Parallel Processing – a Simplistic Introduction
The parallel processing concept (PP) is a core postulate of the Multiscaled random walk model. PP provides the backbone of an attempt to understand in a statistical-mechanically consistent manner why animal movement generally tend to show scale-free distribution of displacement lengths at a given frequency of GPS position sampling (Lévy walk-like movement). Contrary to standard Lévy walk theory, PP-based movement seems to offer a plausible explanation for why superlong displacements – the “long tail” part of the Lévy walk-like step length distribution – may appear even in environments with frequent direction-perturbing events. From standard theory such events should tend to “shorten the tail” by prematurely terminate long steps, and simultaneously inflate the frequency of shorter displacements. Thus, the standard Lévy model is – in my view – lacking some essential aspects of many animals’ cognitive computation of environmental conditions and the individual’s internal state.
In my book I have elaborated on PP from many angles, both from the individual and the population perspective. In this post I present a new attempt to squeeze the PP concept into a simple visual image.
First, consider the lower dotted line, representing a timeline covering the past, present,and the future. Let the shaded area surrounding the timeline demarcate the potential movement distance from one moment to the next during the high-frequency time resolution at this “Level 0”. The series of arrows along the timeline represents in a simplistic manner movement to the left (upwards-pointing arrow) or to the right. It is trivial to expand space to higher dimensions, but let’s keep it simple. It is also trivial to expand the system with forward-pointing arrows for no movement during the given increment.

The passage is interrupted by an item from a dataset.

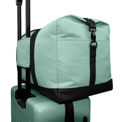 • Odnímatelný nastavitelný ramenní popruh., * Rukojeť pro snadnější přenášení., * Možnost připevnění na kufr pomocí zadního popruhu na zip, který lze případně využít také jako další kapsu., * Spodní část tašky potažena materiálem v černé barvě, odolným proti vodě a nečistotám., * Taška z voděodolného materiálu Ripstop., * Materiál z 50 % z recyklovaného polyesteru vyrobeného z recyklovaných PET lahví., * Materiál s impregnací proti vodě a špíně., Tip: Cestovní tašku si můžete barevně sladit s praktickými doplňky jako je kufr, kosmetický kufřík nebo ledvinka., Obrázek upevnění tašky na kufr  je pouze ilustrační.

Next, consider that this series of left-right move distances during respective time increments are the result of completely deterministic behaviour, where the following move is the resultant decision based on present time conditions (a cognitive computation of factors from environmental input and internal state). In this manner, the vertical line marked “Present” slides towards the right as time goes by. As mentioned, the arrows along the timeline show the potential movement distance during a given increment in time. Since all arrows at the given timeline are equally long, it means that the series for simplicity either illustrates the average step length or the maximum length at this scale (constrained by limits on movement speed).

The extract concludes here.